Restate the listing word for word; omit the images.
Provided records START
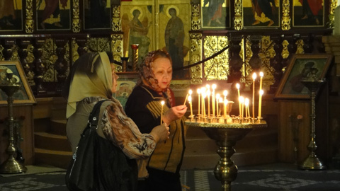 戦士たちの様子を彫ったモニュメントから、鬼気迫る迫力を感じる。公園敷地内にあるロシア正教のゼンコフ教会内では、ろうそくに火を灯して祈る人々。
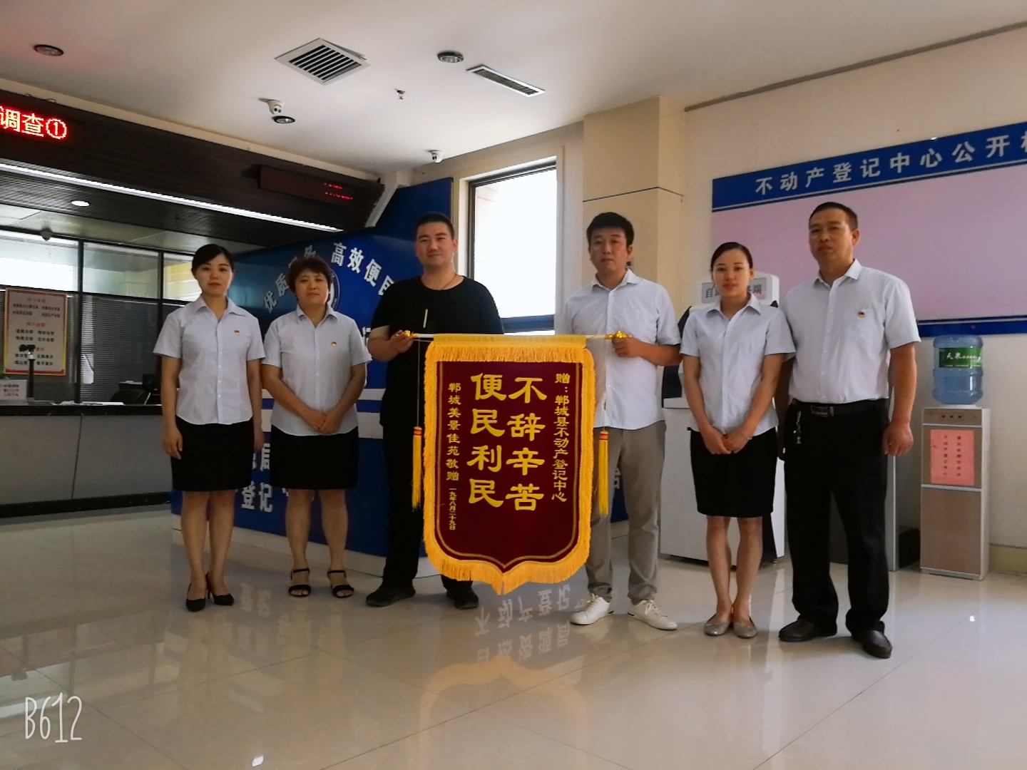 近日,河南博騏置業(yè)有限公司工作人員來(lái)到鄲城縣不動(dòng)產(chǎn)登記中心,將一面印有“不辭辛苦,便民利民”的錦旗送到了中心負(fù)責(zé)人手中,對(duì)不動(dòng)產(chǎn)登記中心真心為民的服務(wù)態(tài)度和高效的辦事效率表示感謝,點(diǎn)贊窗口“熱情、文明、高效”的服務(wù)。
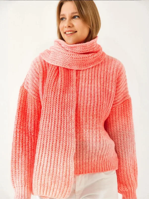 Design: Geribd ceintuurtje, Overcut schouder; Materiaal: Knitwear; Halstype: Ronde hals; Motief: Kleurverloop; Extra's: Fully fashioned; Pasvorm: Wijde pasvorm; Armlengte: Lange mouw; Lengte: Normale lengte
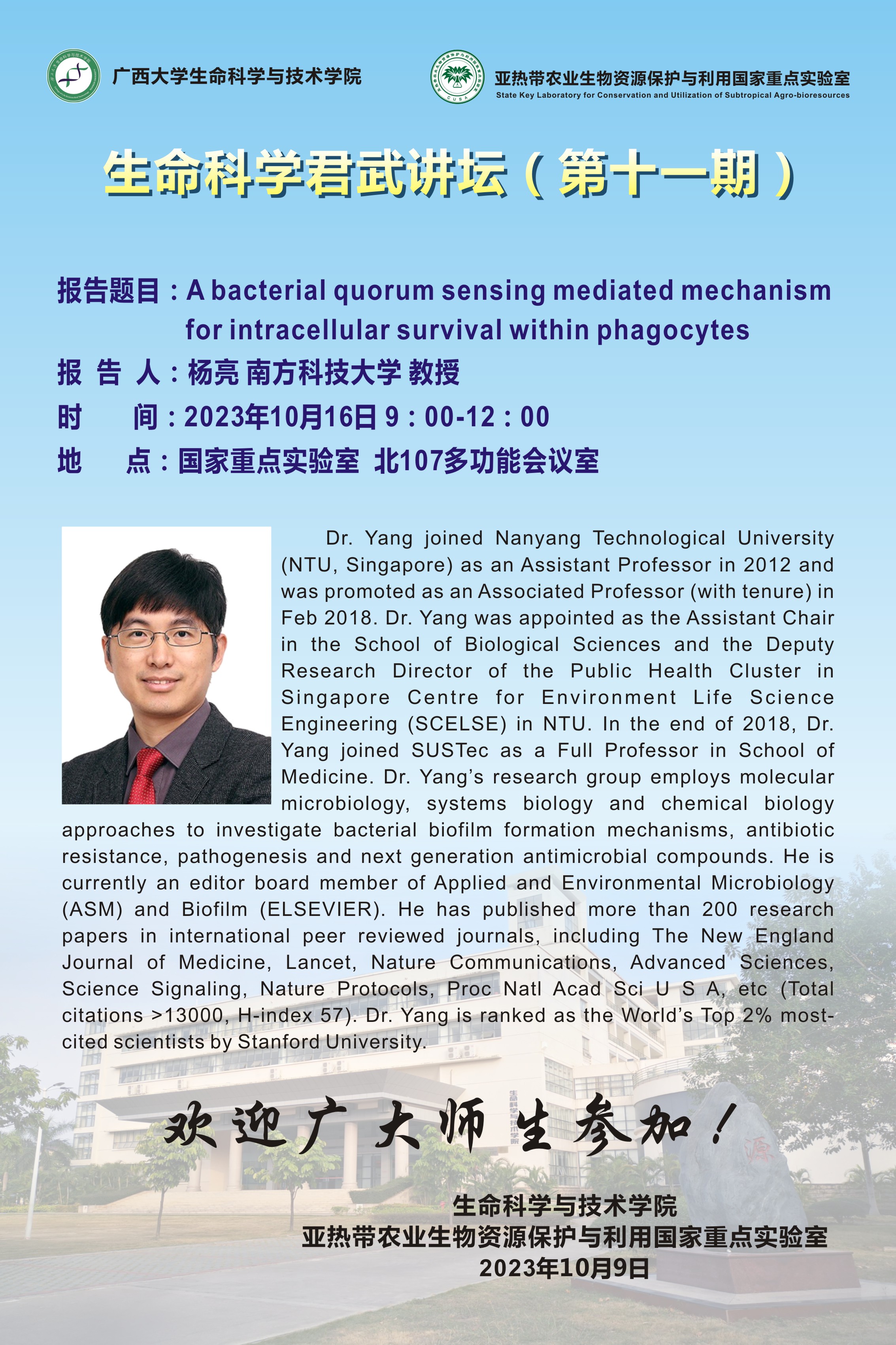生命科學(xué)君武講壇(第十一期):A bacterial quorum sensing mediated mechanism for intracellular survival within phagocytes
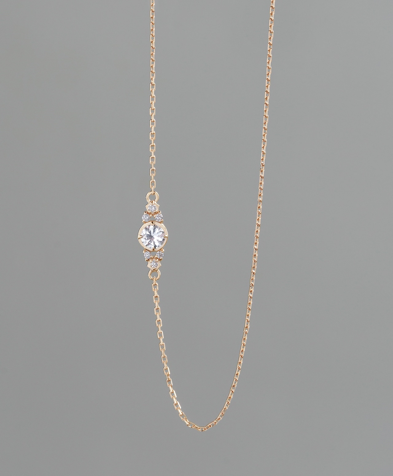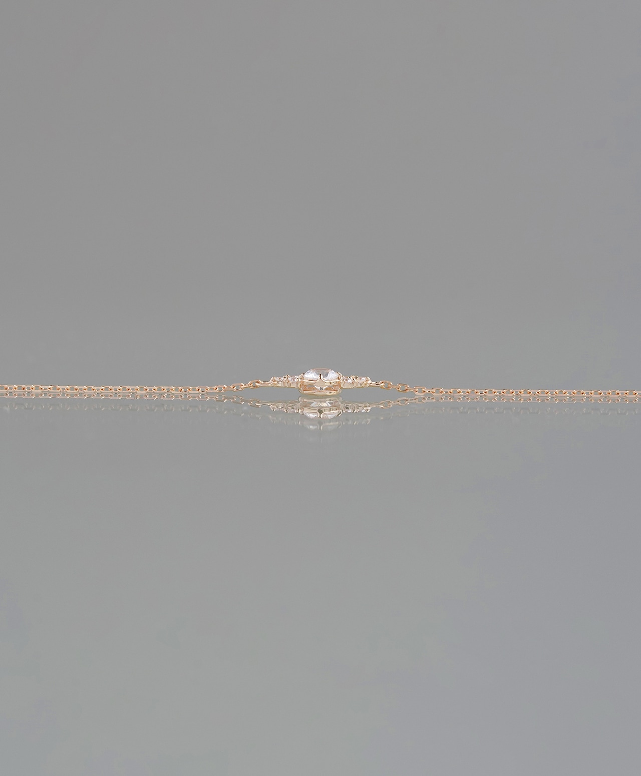 中央に配されたロシア産フェナカイトは、無色透明の高い純度を湛え、高い屈折率によって白い光を内側から放ちます。ダイヤモンドのように外へ弾ける煌めきとは異なり、光そのものが結晶化したかのような、静かで奥行きのある輝きが特徴です。
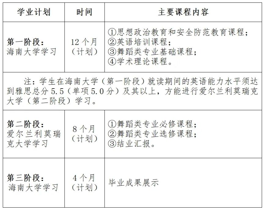 培养方式:“1+1”培养模式。海南大学学习时间12个月(计划)、爱尔兰利莫瑞克大学学习时间8个月(计划)、海南大学学习时间4个月(计划)。
Provided records END
- Exercise solution -
 戦士たちの様子を彫ったモニュメントから、鬼気迫る迫力を感じる。公園敷地内にあるロシア正教のゼンコフ教会内では、ろうそくに火を灯して祈る人々。
 近日,河南博騏置業(yè)有限公司工作人員來(lái)到鄲城縣不動(dòng)產(chǎn)登記中心,將一面印有“不辭辛苦,便民利民”的錦旗送到了中心負(fù)責(zé)人手中,對(duì)不動(dòng)產(chǎn)登記中心真心為民的服務(wù)態(tài)度和高效的辦事效率表示感謝,點(diǎn)贊窗口“熱情、文明、高效”的服務(wù)。
 Design: Geribd ceintuurtje, Overcut schouder; Materiaal: Knitwear; Halstype: Ronde hals; Motief: Kleurverloop; Extra's: Fully fashioned; Pasvorm: Wijde pasvorm; Armlengte: Lange mouw; Lengte: Normale lengte
生命科學(xué)君武講壇(第十一期):A bacterial quorum sensing mediated mechanism for intracellular survival within phagocytes
 中央に配されたロシア産フェナカイトは、無色透明の高い純度を湛え、高い屈折率によって白い光を内側から放ちます。ダイヤモンドのように外へ弾ける煌めきとは異なり、光そのものが結晶化したかのような、静かで奥行きのある輝きが特徴です。
 培养方式:“1+1”培养模式。海南大学学习时间12个月(计划)、爱尔兰利莫瑞克大学学习时间8个月(计划)、海南大学学习时间4个月(计划)。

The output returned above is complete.